This new challenge can be overcome by providing a technique to extract replacement state data from the replacement policy on the Kaby Lake machine. To identify the replacement policy on our machine, we used a CacheAnalyzer tool by nanoBench [3]. The resulting replacement policy is approximately QLRU_H11_M1_R0_U0 (“Quad-age LRU”) on specific cache sets [51]. QLRU is a StaticRRIP Replacement policy variant with a 2-bit field used for the age of a cache line [3, 26], summed up here:

- M1: Insertion policy. Inserts cache lines with age 1.
- H11: Hit promotion policy. Promotes a line of age 3 to age 1, age 2 to age 1, and age 1/0 to age 0 upon hit.
- R0: Eviction policy. Insert to leftmost location if cache set is not full; otherwise, evict block corresponding to the leftmost physical tag with age 3.
- U0: Age update policy. Increments age fields of all cache lines until there is a candidate ready for eviction (age = 3).

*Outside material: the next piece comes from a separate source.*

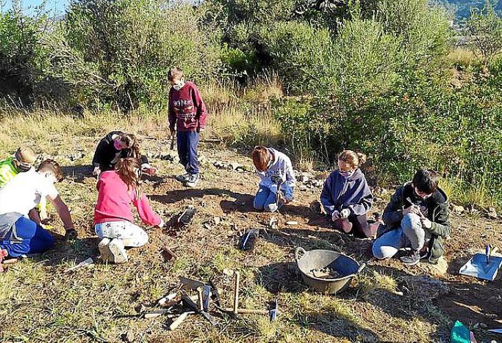«La primera excavació es va fer als anys 50 a càrrec de l’arqueòleg Bartomeu Ensenyat. Va trobar un santuari prehistòric que, en aquells moments, va ser dels primers que s’excavaren. També descobrí dues cases amb molts d’objectes interessants que ara són al Museu de Sóller. Destaquen: una figura de terracota grega anomenada tenagra, que representa una dona rentant-se; també es recuperaren braçalets de bronze, ceràmiques típiques de l’època tant duites de la Península com de Grècia o Itàlia, a més d’hams de pescar de bronze. Són coses curioses ja que donen informació de l’època. Degut a les obres, el santuari ha desaparegut. El jaciment s’abandonà i la majoria de gent no coneixia res. Arran del projecte educatiu, vàrem poder demanar una subvenció al Consell de Mallorca amb la intenció de, mitjançant un equip de restauradors, restaurar i documentar les restes que quedaven. També milloràrem el lloc: hem posat una reixa, uns bancs i panells informatius. Volem ampliar la zona visitable a la part d’abaix, que és 10 vegades més gran que la zona on som ara», explica.
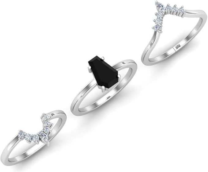 • Coffin Shape Black Onyx Engagement Ring Set Coffin Cut Wedding Ring Set 3 Piece Bridal Ring Set For Women Silver Black Onyx Ring Set Women Unique Antique Anniversary Promise Rings Set

**Attacker Receiver Protocol.** We now describe how the attacker decodes from the replacement state whether A-B or B-A occurred. At a high level, similar to a traditional cache attack, the attacker thread first primes the LLC set, waits for the victim to issue its secret-dependent ordering, and finally probes the LLC set to determine which ordering the victim issues. Due to the nature of QLRU, however, the details are different from conventional attacks. Specifically, the attacker first constructs two eviction sets of size LLC_ASSOCIATIVITY-1 elements, call these EVS1 and EVS2, which map to the same LLC set and slice as A and B. The attacker then uses the following access sequences to prime and probe the cache set:

- **Prime Sequence:** Access EVS1 many times + Access A
- **Probe Sequence:** Access EVS2

The attacker accesses EVS1 many times in order to saturate their age at 0, leaving A with an age of 3. To be able to access address A, our current PoC requires that the receiver share memory with the victim (hence the use of Flush+Reload).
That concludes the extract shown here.